Epicurus is part of our legacy.

I agree, Hiram, that Epicurus was a great Greek philosopher (not my personal favorite, I prefer Aristotle), and I am a big fan for all the reasons you say. I also enjoy Buddhist thought as well. The only thing I might differ with you on is that either might be "complete philosophies". Actually I don't know that such a thing exists. They are holistic, they cover a lot of necessary ground to be sure, but as a student of ethics I wouldn't say that they answer all the important questions. Ethics itself is too deep, no philosophy I have studied has provided everything I think a philosophy of ethics should have, nor has any answered all the important existential questions either, leaving open what defines the good, what defines justice, what defines the pursuit of happiness and purpose and meaning in our lives. These philosophies provide good foundations, but I wouldn't say they are anything close to "complete".

I would agree that there is no complete philosophy, that knowledge and experience constantly increase.

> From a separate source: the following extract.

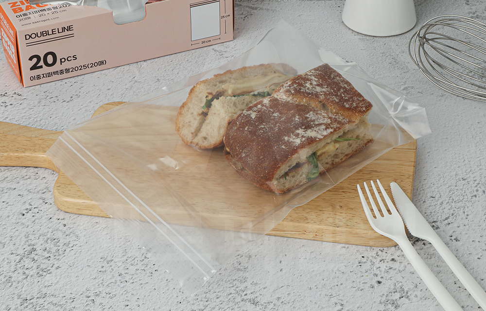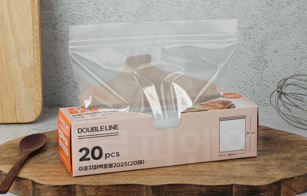 두 겹의 이중 지퍼 구조로 설계되어 더욱 탄탄하고 안정적인 밀봉이 가능한 투명 이중 지퍼백입니다.
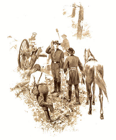 A BATTERY of six twelve-pounder Napoleon guns lay in a little skirt of woodland on the south bank of the Rapidan. It was raining, not violently, but with a soaking persistence that might well have made the artillery-men tired of life and ready to welcome whatever end that day’s skirmishing might bring to the weariness of living. But these men were veteran soldiers, inured to hardship as well as to danger. A saturating rain meant next to nothing to them. A day’s discomfort, more or less, counted not at all in the monotonously uncomfortable routine of their lives.

Maybe the more appropriate way to say this is that there are layers of knowledge and experience and, in fact, Epicureanism suffers from arrested development.  If the Gardens hadn't been closed and burnt down by Xtians, Epicurean schools would have been prominent societies of progressive scientists and philosophers.  Their theory of the atom would have evolved with our scientific understanding, etc.

I do think that Epicureanism should be made relevant.  I think there is so much more that we know today about happiness, **how it occurs in the brain**, the role that tryptophan and serotonin play in happiness, the types of relationships and foods that favor happiness, all of this would render a new meaning to Epicurean values, concerned as they are with ethical hedonism.

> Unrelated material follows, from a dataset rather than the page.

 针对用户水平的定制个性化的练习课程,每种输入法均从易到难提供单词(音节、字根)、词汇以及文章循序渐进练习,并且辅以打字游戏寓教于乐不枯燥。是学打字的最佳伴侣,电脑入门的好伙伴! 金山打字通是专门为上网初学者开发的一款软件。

Raw cacao, for instance, the stuff that chocolate is made from, is an anti-depressant (people may overcome depression with no big pharma products, only eating raw cacao and dark chocolate and other healthy foods daily), and today we know that also yerba mate, goji berries and berries in general, in fact the live-foods movement and lifestyle in its entirety with its focus on certain superfoods, have A LOT to add to the Epicurean ideas on how to live the good life, and to Epicurean ideas on simplicity.

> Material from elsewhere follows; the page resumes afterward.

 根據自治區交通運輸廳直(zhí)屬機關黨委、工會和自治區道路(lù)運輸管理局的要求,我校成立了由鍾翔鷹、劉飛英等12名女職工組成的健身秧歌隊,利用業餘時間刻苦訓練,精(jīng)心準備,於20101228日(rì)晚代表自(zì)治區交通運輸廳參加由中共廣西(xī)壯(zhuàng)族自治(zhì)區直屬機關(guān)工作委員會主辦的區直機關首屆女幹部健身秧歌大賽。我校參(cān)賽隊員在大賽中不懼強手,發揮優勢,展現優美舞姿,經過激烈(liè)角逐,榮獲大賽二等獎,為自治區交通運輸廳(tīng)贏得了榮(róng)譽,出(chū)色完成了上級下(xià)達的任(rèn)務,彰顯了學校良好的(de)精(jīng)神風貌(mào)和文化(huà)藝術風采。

Historically Epicureanism came to be associated with fine wine and fine food, particularly because Christian propaganda reduced philosophical hedonism to one among its catalog of sins.  I think that we need to rescue Epicurean ideas on eating and on the good life because we now know that the stuff that we eat affects our moods and states of mind, that there are certain foods and experiences that inhibit or encourage the production of tryptophan, serotonin, anandamide and other feel-good hormones and that there are ways to scientifically advance happy states of mind through diet, exercise, a healthy sex life, etc.

All of this is, or should be, part of the science and philosophy of Epicurus.  If Epicurean Gardens had operated to this day without interruption, certain these are matters that would be of particular interest to them and would be part of the educational curricula of all Epicureans.

And so no, there is no complete philosophy, there are layers of knowledge that are accumulated and upon which we can continue to build.